Fairhope Avenue corridor recommendations. Source: Fairhope Safe Streets and Roads for All Safety Action Plan, May 2026.
The staff memo says the projects "are coming from the Safe Streets for All Safety Action Plan and the City's priority streets projects," and notes that Kimley-Horn — the engineering firm the city hired in April to assemble the application — is also working with the Fairhope Police Department to fold pedestrian-safety elements into the grant. "Final details of the projects are not available yet because they are still being worked on," the memo states.

SS4A grant staff memo, May 11 meeting packet, page 92.
How the project got here
This is the second SS4A-related action the Council has taken in five weeks. At its April 13 meeting, the Council approved the selection of Kimley-Horn and Associates, Inc. as the city's professional consultant on the SS4A implementation application (RFQ PS26-025), authorizing the mayor to execute a not-to-exceed contract.

Fairhope Safe Streets and Roads for All Safety Action Plan (May 2026), City of Fairhope.

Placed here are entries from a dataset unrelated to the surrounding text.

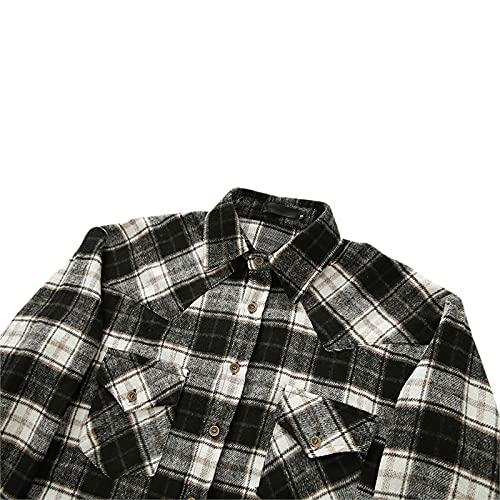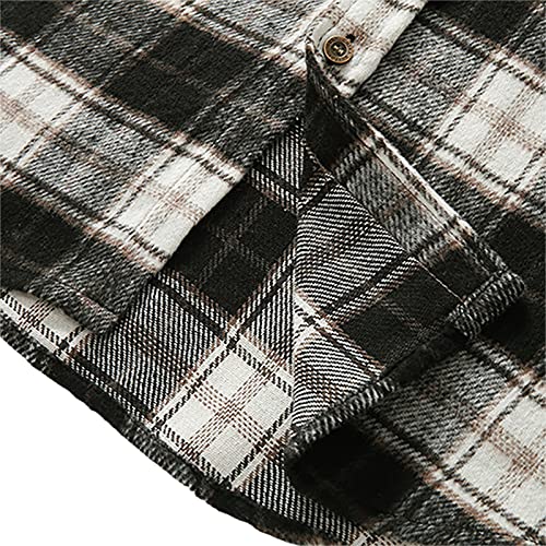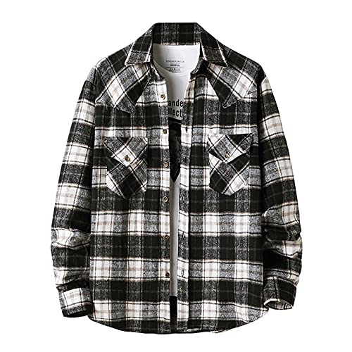 Loalirando Camicia Flanella Uomo Elegante Camicia a Quadri Autunnale e Invernale Plaid Monopetto Camice Uomo Manica Lunga Slim Fit S-XXL (Nero, XX-Large)
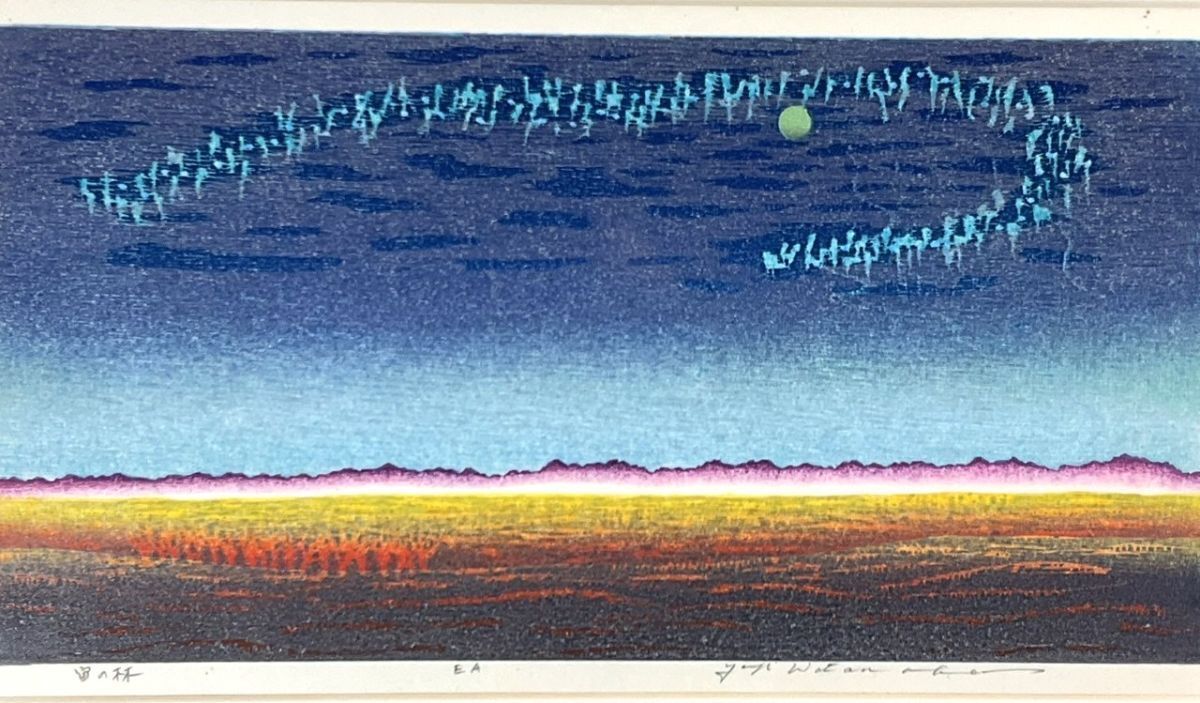 真作■木版画■渡辺裕司■『宙の林』■ORIGINAL WOODBLOCK PRINT・希少■額付絵画
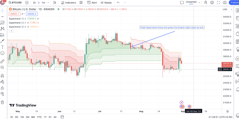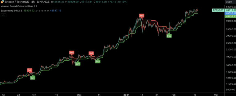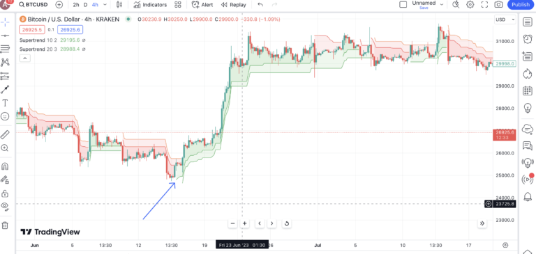 Cette stratégie, qui nécessite l’utilisation de plusieurs périodes, est particulièrement utile pour les investisseurs qui cherchent à minimiser les risques. Pour l’utiliser, vous devrez travailler séparément avec plusieurs graphiques sur plusieurs périodes. Vous pouvez utiliser le même paramètre SuperTrend pour chaque période et voir s’il existe un alignement. Par exemple, si vous envisagez de trader Bitcoin, vous pouvez utiliser des graphiques quotidiens et des graphiques sur 4 heures pour confirmer les tendances haussières.
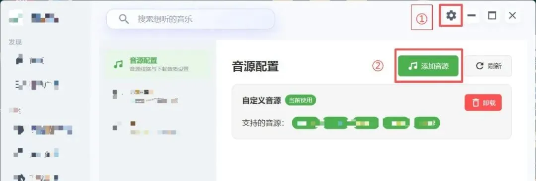 安装,进入软件后,点击【设置图标】→【点击添加音源】
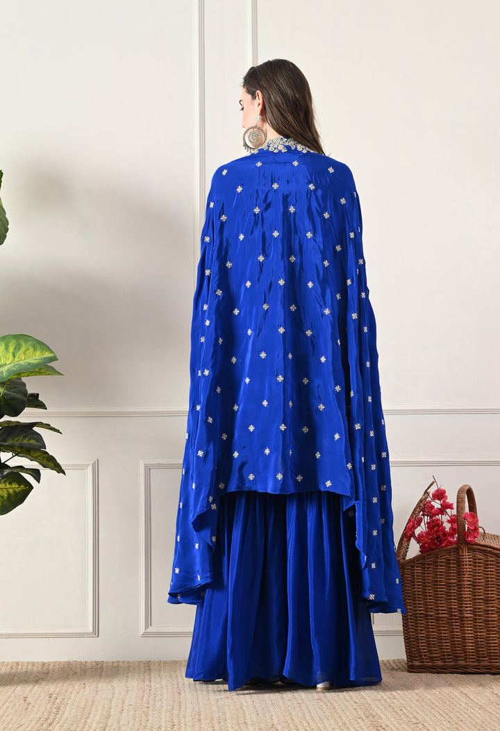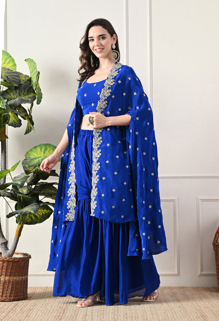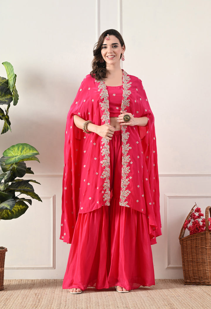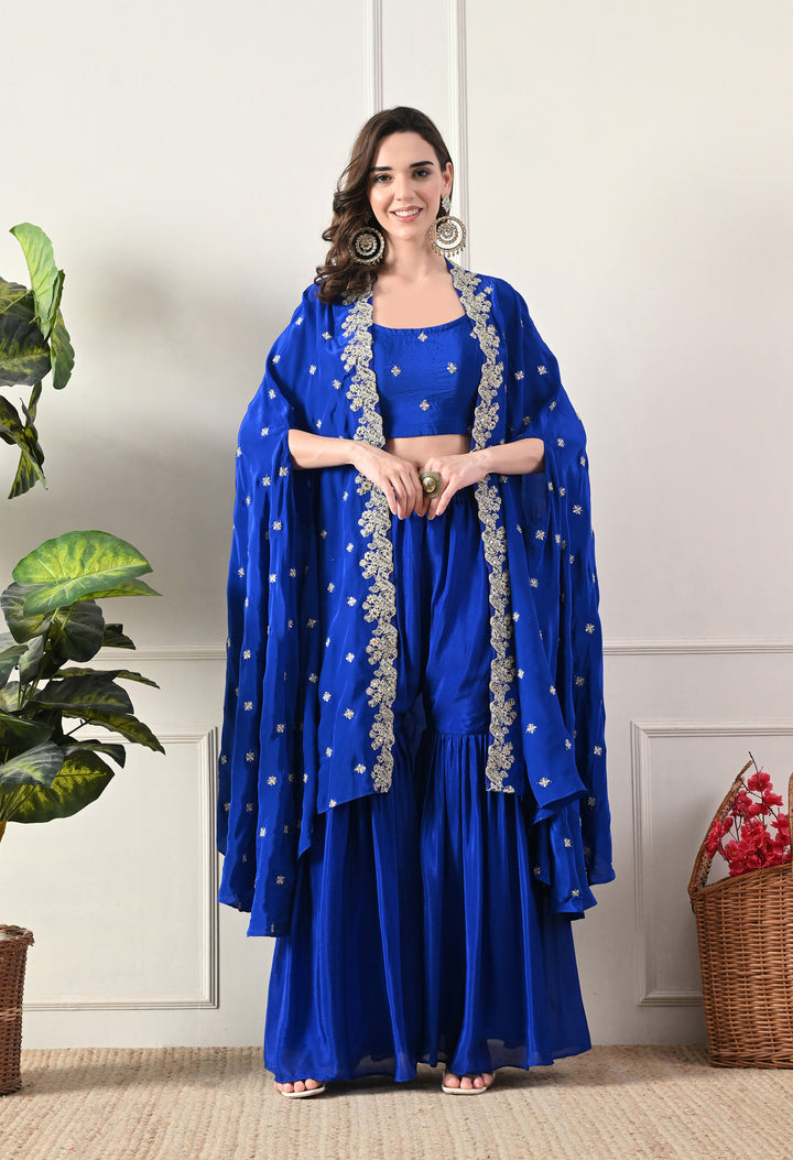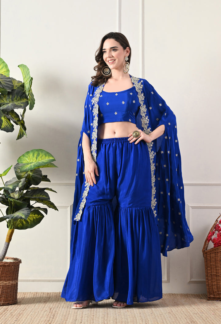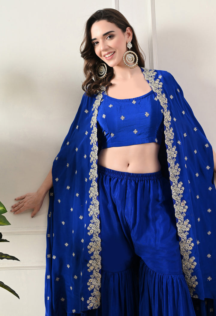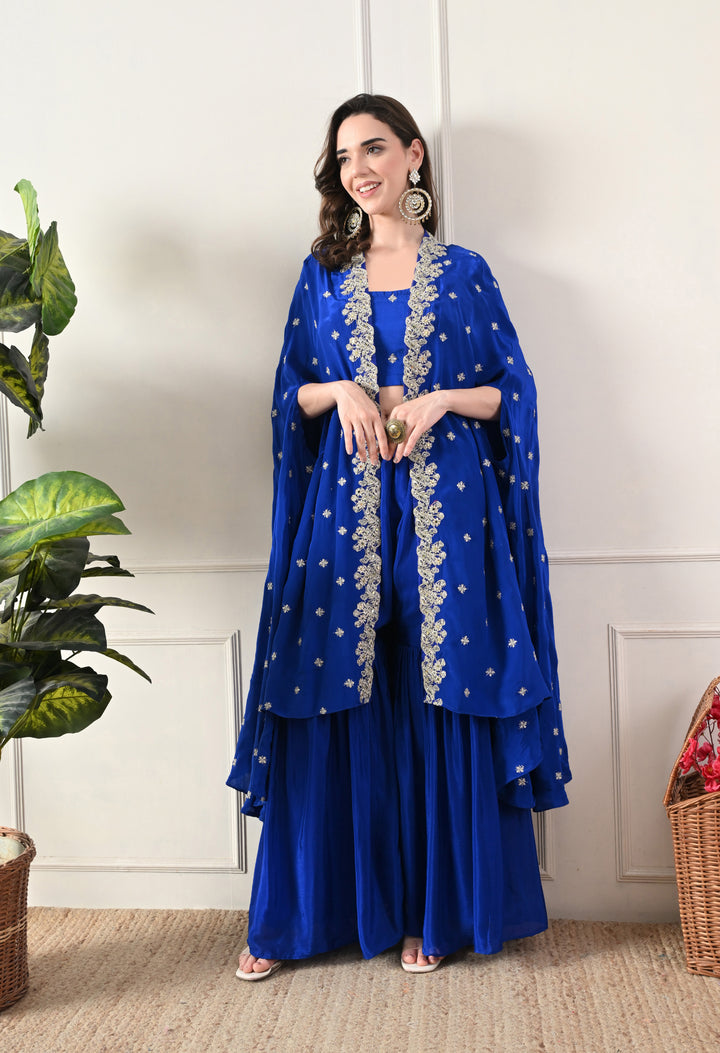 Description:3 Piece indo western set with beautiful hand embroidered cape with booties all over the cape and blouse along with Flowy gharara .
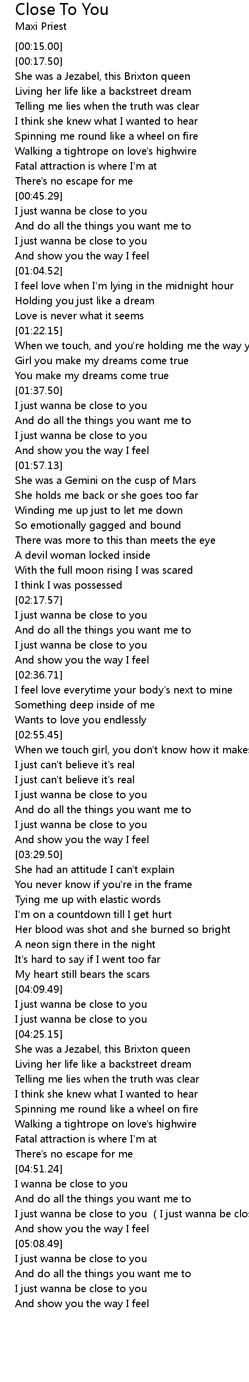 | [04:58.87] | I just wanna be close to you (I just wanna be close to you baby) |
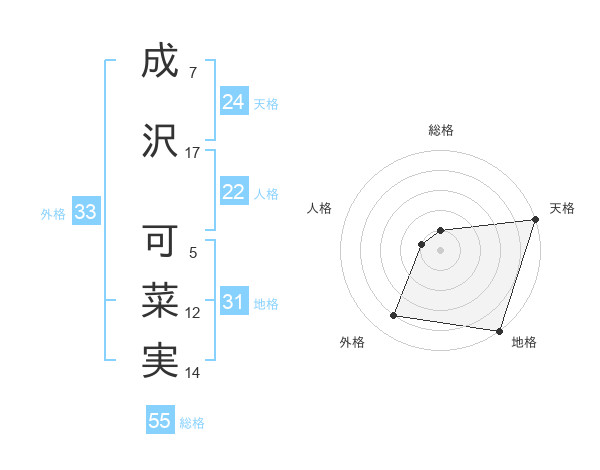 成沢 可菜実さんの天格は24画の5点!

The Safe Streets and Roads for All program is a federal initiative administered by the U.S. Department of Transportation through the Federal Highway Administration. It funds local plans and projects aimed at reducing roadway fatalities and serious injuries. The completed Safety Action Plan — an earlier SS4A milestone the city wrapped up before this spring's grant-application work began — established the priority projects now being packaged into this grant request.
What happens next
The application heads to FHWA under the federal SS4A Implementation Funding Program, which is a competitive grant cycle (Docket No. DOT-OST-2026-0050, issued March 27, 2026). If awarded, project design will move forward; if not, the city retains the priority list and can resubmit in future cycles.
The May 11 meeting also included a separate, smaller federal grant action — Resolution #8 authorized an Alabama Department of Transportation (ALDOT) TAP grant application of $1,286,100 for pedestrian crossing signals at the intersection of State Routes 104 and 181, also with an 80/20 match requirement.